I, the pursued, who madly ran,
Stand still, stand still, and stop the sun!

Source:

Monday, July 7, 2014

What's More Important? Jesus' Life or Death?

Confession

I confess I'm a Christian, newly minted or "reminted" if that were a word. I have a new understanding of what being a Christian means, and it's not the one all the Christian assholes on the far right are trying to impose on us. It's the opposite really. I constantly have to defend myself against the hate and legitimate scorn and condemnation they've earned. I'm not them.

At the same time, the scorn and hatred and condemnation they "earned" are not Christian ways of acting them or anyone. I'm trying not to hate them, and I'm trying not to hate the people who lump me in with them. I'm trying to love myself, other people no matter how "bad" or unfair and insensitive I deem them to be, the natural world God created and Jesus and his "Way." In fact, his Way IS love.

Here's a quotation offered by the organization "Inward/Outward" and my comment on it. If you have any thoughts on this subject, please comment here! The whole point is that no one's "right or wrong." We're all seekers, not static "believers."

            *                 *               *              *              *                *               *                 *  

Sin or Separation? Sacrifice or Reunion?

"For Jesus, nonviolence is at the heart of the new dispensation, in which we are all called to love and forgive even our enemies…. The early Christian church, preoccupied with a cult of heroism, became enthralled with the violent death of Jesus, largely unable to grasp the dynamic power of a life radically lived to the point of death. They missed the message of the life and ended up exalting the death as the primary catalyst for redemptive liberation."

Source:


"They missed the message of the life and ended up exalting the death as the primary catalyst for redemptive liberation."

I agree.

Jesus is actually offering a revolutionary "paradigm shift."

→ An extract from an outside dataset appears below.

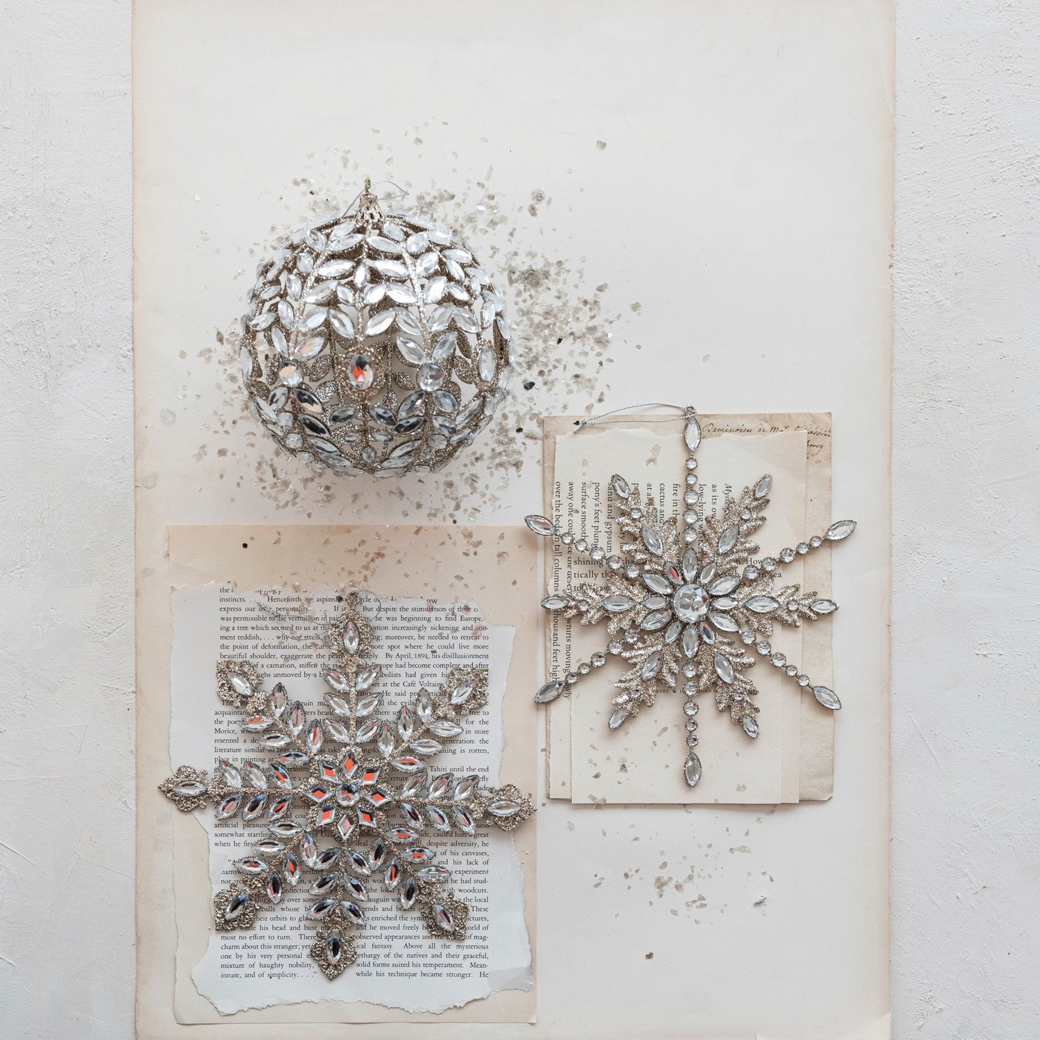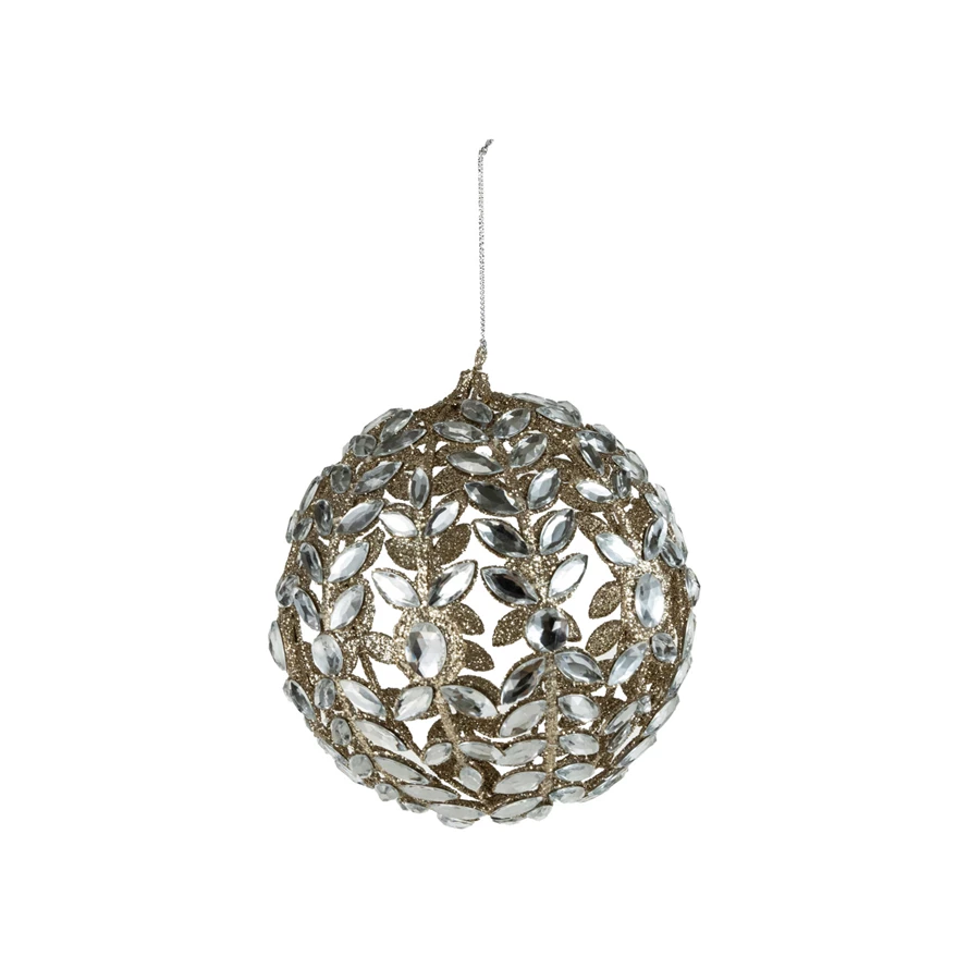 Catalog Name: 6" Round Metal Ball Ornament w/ Acrylic Jewels & Glitter, Champagne Finish
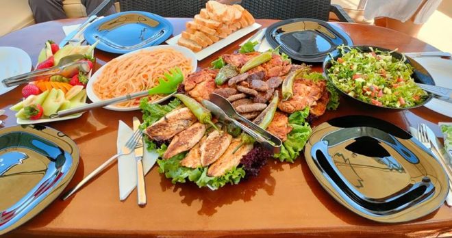 Siz dinlenirken, mürettebat lezzetli bir açık büfe öğle yemeği hazırlar, ızgara tavuk, taze balık, köfte, makarna, salata, ekmek ve mevsim meyveleri dahil, sınırsız alkolsüz içecekler 🥤 eşliğinde. Öğle yemeğinden sonra, misafirler manzaralı bir nehir gezisi ve açık sularda heyecan verici Yunus Kovalamacasının keyfini çıkarabilirler. Yolculuk, Sorgun Antik Kenti yakınlarındaki Kleopatra Plajı'na son bir yüzme için devam eder, ardından limana geri dönülür, burada özel transferiniz sizi bekler.

Sin and salvation are not the point of Jesus' life and death. I don't understand "sin" as doing/thinking evil but as separation from God and from each other. Jesus is the way to reunite with God and God's love for the world and everything in it including ourselves. We're not born bad - our "sin" is not original, not our very nature. We are children of God. How could he create evil people? Thinking that way is itself both a result of and a cause of separation from God. Guilt should not be what leads us to Jesus and to his Father.

The idea of Jesus' death as "atoning" for our sins is the old way of thinking that Jesus condemned and tried to transform. Thinking we need to settle our accounts with God through sacrifice is what the temple "money changers" were trading on (by selling sacrificial animals). That made Jesus so angry he literally "turned the tables" on the money changers - and on the very idea of people as fundamentally and unavoidably bad.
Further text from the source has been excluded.